Mal terbesar di negara itu ambruk pada 29 Juni 1995 setelah pihak pengelola mengabaikan retakan besar nan sudah muncul selama berbulan-bulan. Akibatnya, lebih dari 1.500 orang tertimbun reruntuhan, 502 orang tewas, dan enam orang lainnya tidak pernah ditemukan.
Menurut laporan The Guardian, manajemen Sampoong sebenarnya telah mengetahui kondisi gedung membahayakan sejak April 1995. Retakan panjang terlihat di genting dan tembok lantai lima, tetapi alih-alih menghentikan operasional untuk pemeriksaan menyeluruh, pengelola hanya memindahkan toko-toko di lantai tersebut ke lantai bawah. Aktivitas di empat lantai lainnya tetap berjalan normal.
Situasi memburuk pada 29 Juni 1995 ketika retakan semakin melebar hingga menjalar ke lantai empat. Namun, manajemen kembali memilih mempertahankan operasional mal. Lantai empat memang ditutup dan sistem pendingin ruangan dimatikan, tetapi pusat perbelanjaan tetap dibuka lantaran pengelola tidak mau kehilangan pendapatan dari tingginya transaksi pada hari itu.

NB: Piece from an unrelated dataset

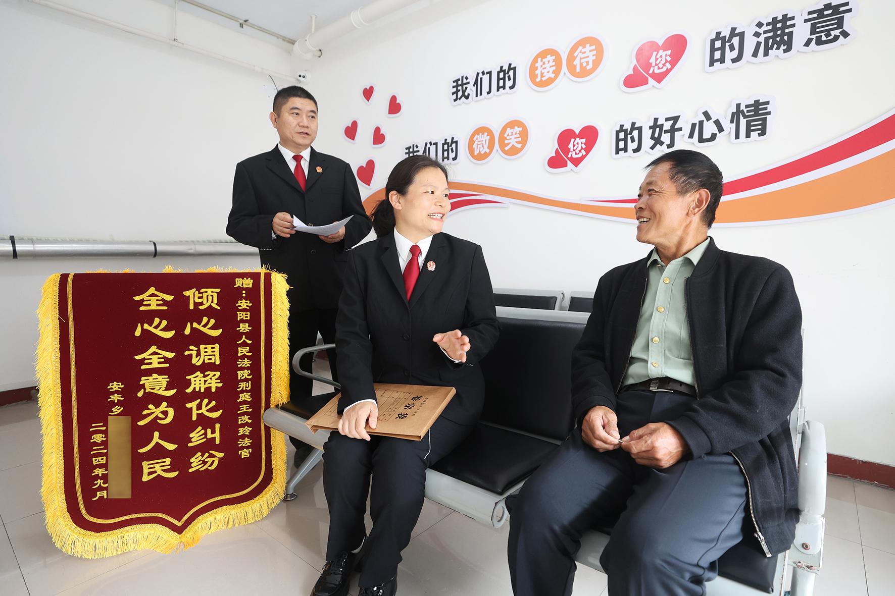 10月14日,當事人專程將一面錦旗送到了河南省安陽縣人民法院刑事審判庭法官手中,以表達對法官用心辦案、高效解紛的誠摯感謝。

Ironisnya, setelah mengetahui kondisi gedung semakin kritis, sejumlah petinggi manajemen justru meninggalkan bangunan. Sementara itu, ribuan pegawai tetap diminta bekerja melayani visitor nan tidak mengetahui tingkat kerusakan gedung. Mereka hanya merasakan suhu di dalam mal semakin panas akibat pendingin ruangan dimatikan.
Sekitar pukul 17.50 waktu setempat, bunyi retakan keras mulai terdengar dari dalam bangunan. Kepanikan pun pecah ketika visitor berlarian menuju pintu keluar dan sirine ancaman dibunyikan. Namun, waktu untuk menyelamatkan diri sudah sangat sempit.
"Dari seberang toko terdengar bunyi seperti kereta bawah tanah memasuki stasiun, dan ketika kami mendengar bunyi itu, orang-orang mulai berlarian ke sana ke mari. Tiba-tiba sepotong beton jatuh di kepala saya dan saya pingsan," kata penyintas Park Seung-hyun, dikutip dari BBC.
Hanya tujuh menit setelah bunyi retakan pertama terdengar, gedung Sampoong runtuh dalam waktu sekitar 20 detik. Berdasarkan info Britannica, tim penyelamat sukses mengevakuasi 937 korban luka. Sebanyak 502 orang dinyatakan meninggal dunia, sementara enam korban lainnya tidak pernah ditemukan.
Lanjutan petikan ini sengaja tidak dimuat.